- Provided information -
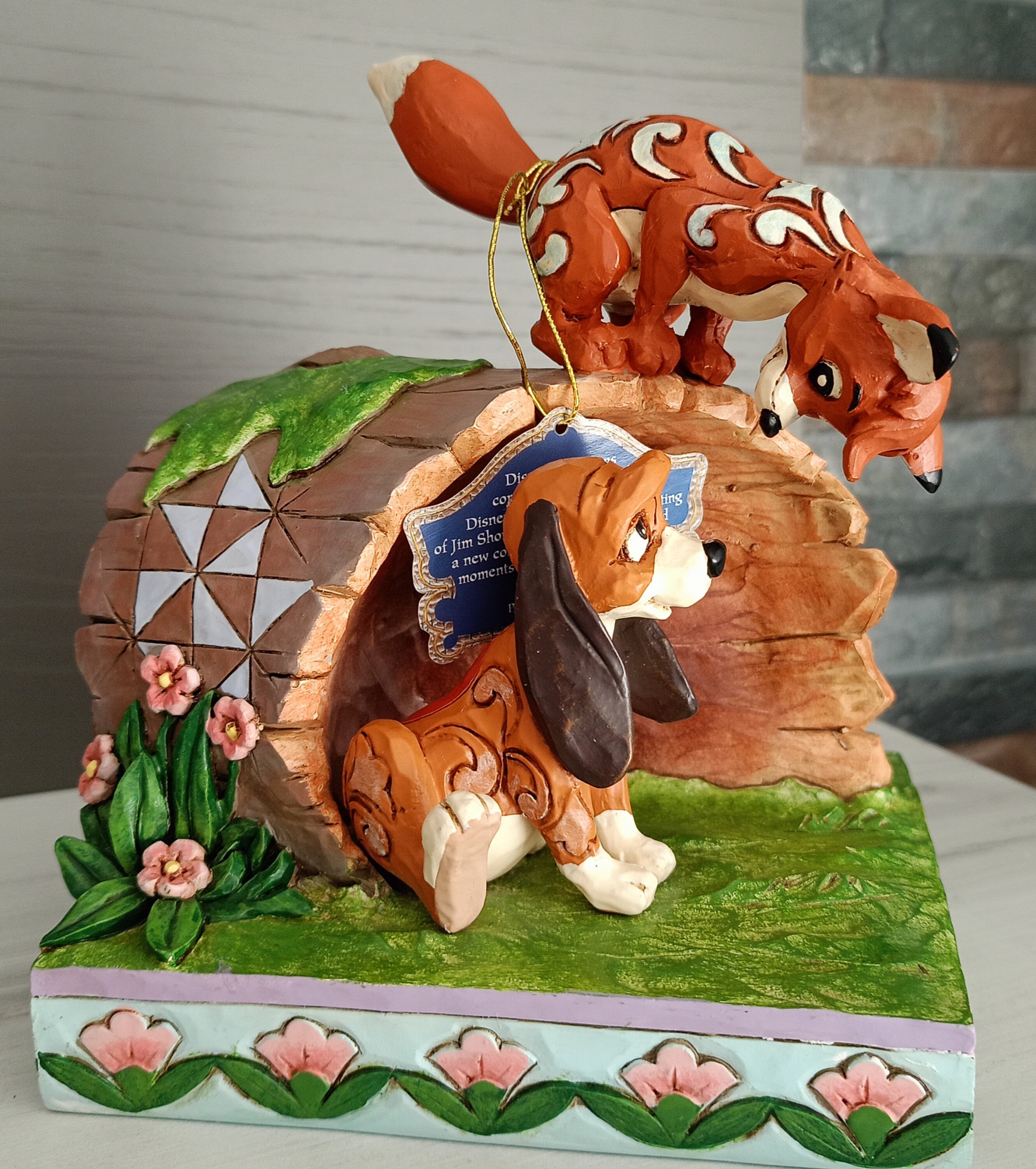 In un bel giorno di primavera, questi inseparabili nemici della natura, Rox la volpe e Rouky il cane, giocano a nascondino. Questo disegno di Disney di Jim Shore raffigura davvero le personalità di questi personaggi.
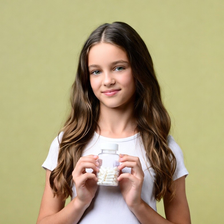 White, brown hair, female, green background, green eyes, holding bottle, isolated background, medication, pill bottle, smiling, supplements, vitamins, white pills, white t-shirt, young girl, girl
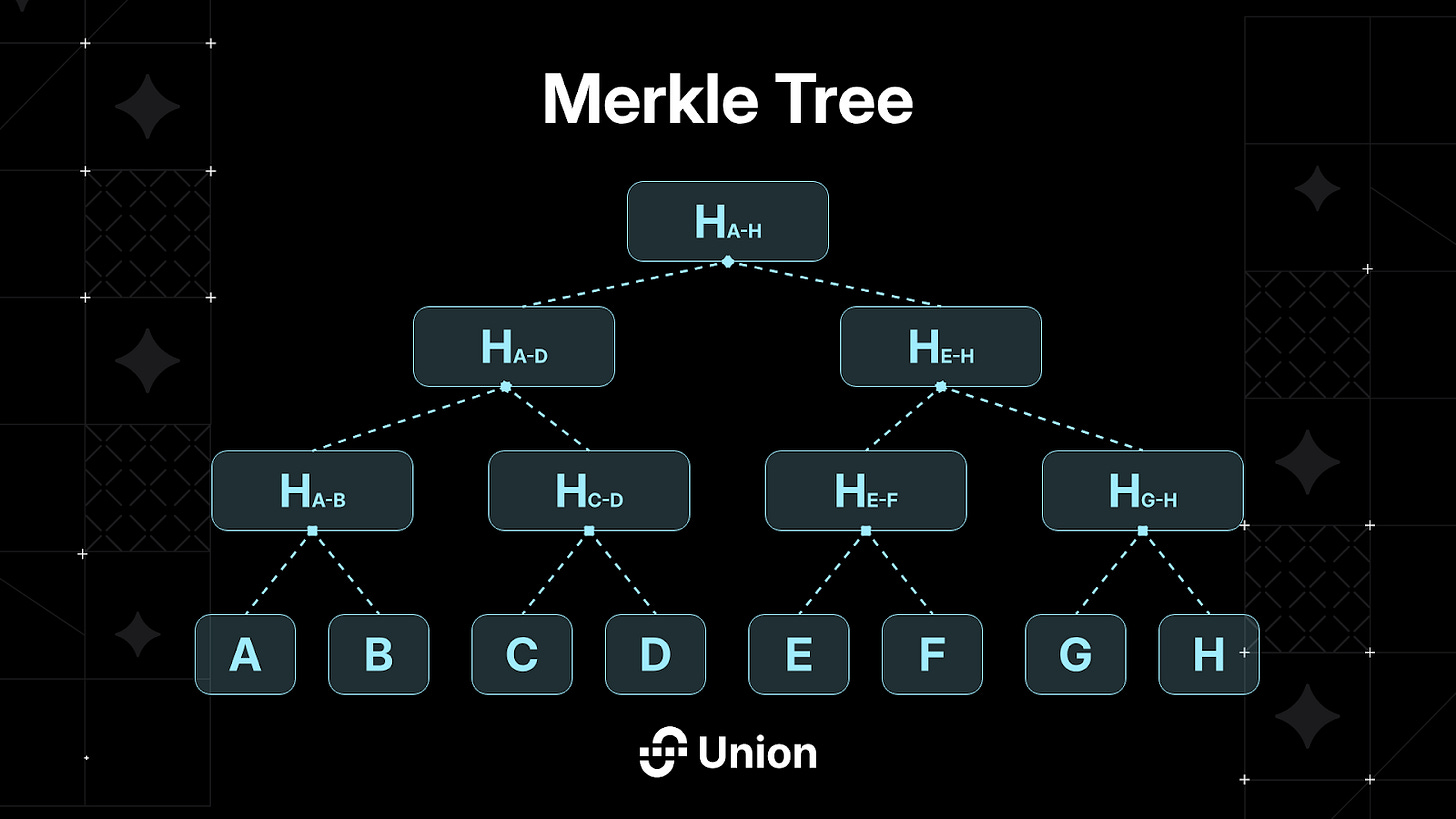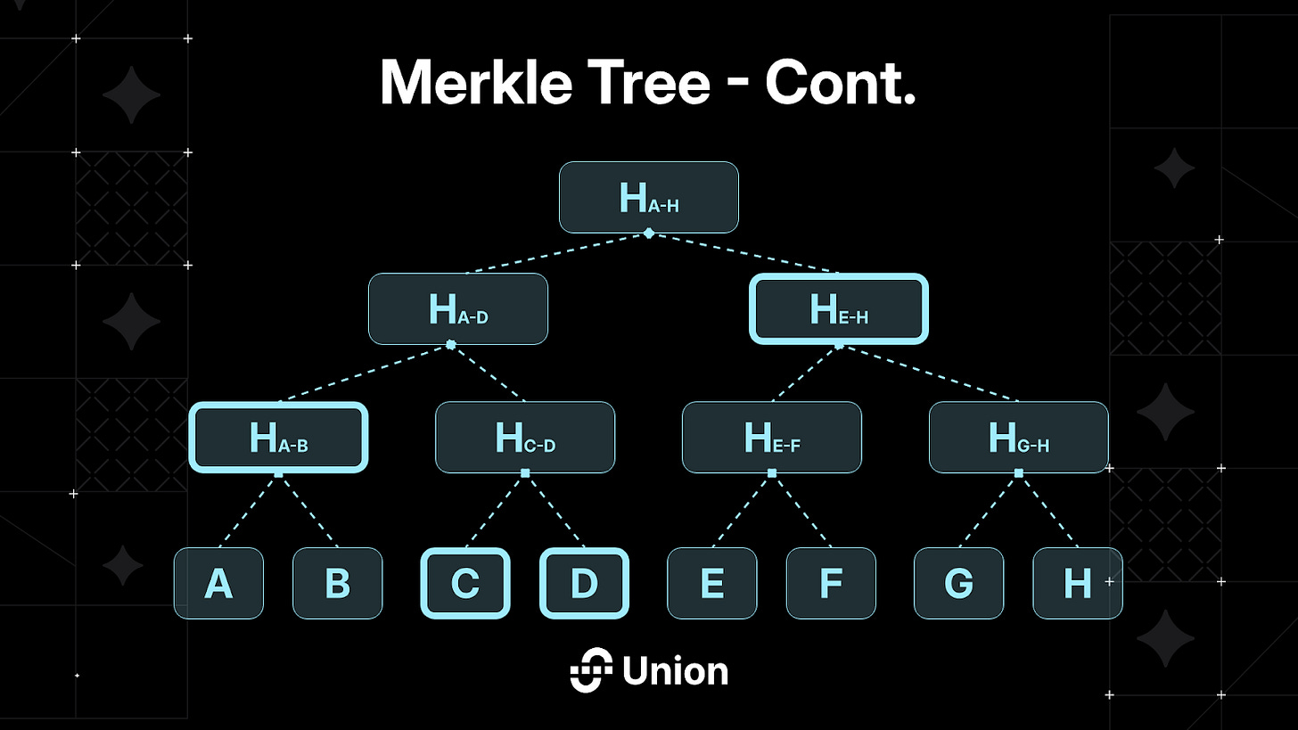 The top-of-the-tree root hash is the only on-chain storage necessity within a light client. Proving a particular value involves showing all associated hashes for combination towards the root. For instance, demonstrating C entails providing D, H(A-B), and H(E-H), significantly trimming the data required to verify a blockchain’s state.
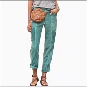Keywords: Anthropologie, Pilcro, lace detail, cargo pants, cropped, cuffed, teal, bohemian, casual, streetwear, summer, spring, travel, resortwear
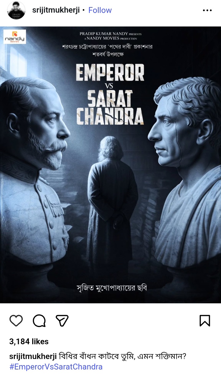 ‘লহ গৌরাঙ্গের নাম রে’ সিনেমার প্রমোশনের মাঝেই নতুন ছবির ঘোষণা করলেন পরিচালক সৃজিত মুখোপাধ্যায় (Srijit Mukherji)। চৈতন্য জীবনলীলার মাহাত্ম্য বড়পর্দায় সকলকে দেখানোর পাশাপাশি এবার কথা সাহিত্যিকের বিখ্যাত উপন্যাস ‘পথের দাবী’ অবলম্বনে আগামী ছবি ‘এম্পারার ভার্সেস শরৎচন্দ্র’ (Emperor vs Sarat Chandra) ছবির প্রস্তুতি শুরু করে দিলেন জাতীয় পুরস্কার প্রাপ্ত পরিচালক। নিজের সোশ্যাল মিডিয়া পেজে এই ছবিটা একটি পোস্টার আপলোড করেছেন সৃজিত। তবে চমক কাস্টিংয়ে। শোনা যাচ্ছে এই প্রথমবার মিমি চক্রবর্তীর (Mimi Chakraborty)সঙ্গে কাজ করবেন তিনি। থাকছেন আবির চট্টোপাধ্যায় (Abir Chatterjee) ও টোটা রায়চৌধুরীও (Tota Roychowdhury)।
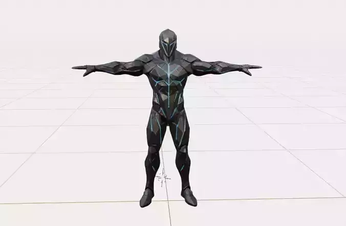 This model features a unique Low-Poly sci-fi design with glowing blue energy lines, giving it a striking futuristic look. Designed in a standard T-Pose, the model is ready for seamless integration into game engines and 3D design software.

- Your objective -
Through the line containing "White, brown hair, female, green" and no further, restate the data above word for word from its first line, leaving out pictures.

- Response area -
 In un bel giorno di primavera, questi inseparabili nemici della natura, Rox la volpe e Rouky il cane, giocano a nascondino. Questo disegno di Disney di Jim Shore raffigura davvero le personalità di questi personaggi.
 White, brown hair, female, green background, green eyes, holding bottle, isolated background, medication, pill bottle, smiling, supplements, vitamins, white pills, white t-shirt, young girl, girl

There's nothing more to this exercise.